I don’t often get involved in the footballing antics in our house. But recently I’ve enjoyed being the mum at the park with a couple of boys and a football. If you position yourself up hill of the action, you can spend a happy hour or so simply tapping the ball back down the hill to the kids as the hare around.

It’s probably a sign of our tribe getting a little older, but we seem to have hit our footballing stride of late. With my husband always happy to have one of them along for the ride while he plays his 360 game, I thought I’d try my hand on the Wii version of FIFA 11 to see if it was a little easier – I’ve tried the 360 one but there are just too many buttons to remember.

First off I was struck by how the Wii game looks and sounds different to the game on the 360. It’s not exactly cartoony but everything feels a bit exaggerated.
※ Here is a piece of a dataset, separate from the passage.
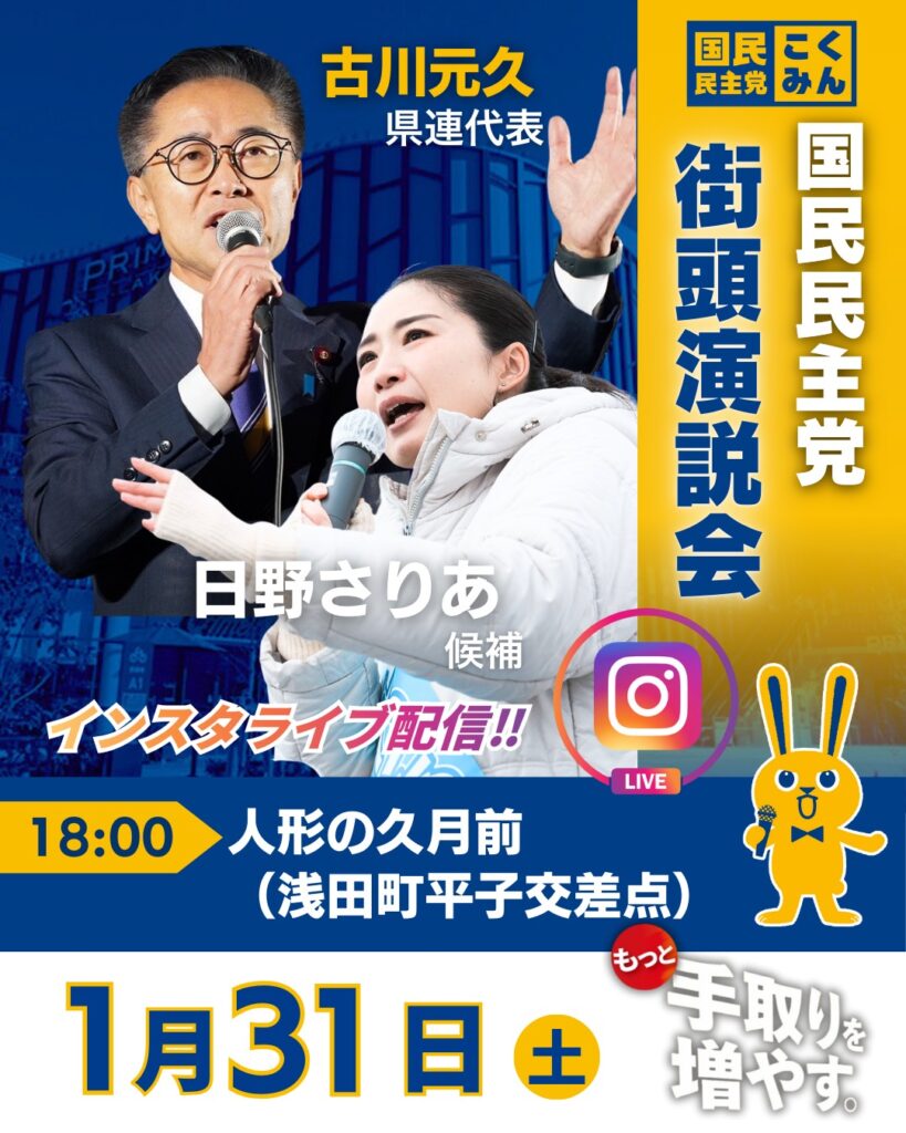 選挙戦も中盤戦に差し掛かった日曜日。 この重要な局面に、国民民主党 愛知県連代表 であり、愛知2区選出の大先輩 古川元久 代議士が、日野さりあの応援に駆けつけてくださいます!

I like it.

This style takes away some of the tedious macho bravado the real game seems to be so full of. On the Wii, although they are of course real players, it looks much more like the sort of game I play with the kids in the park.

I really got into playing the smaller five a side game mode. This takes players from the different clubs and pops them into a sports hall with a small goal at each end. There’s less space so the ball pings around more than usual, and it seems like this makes it easier for our younger kids to score.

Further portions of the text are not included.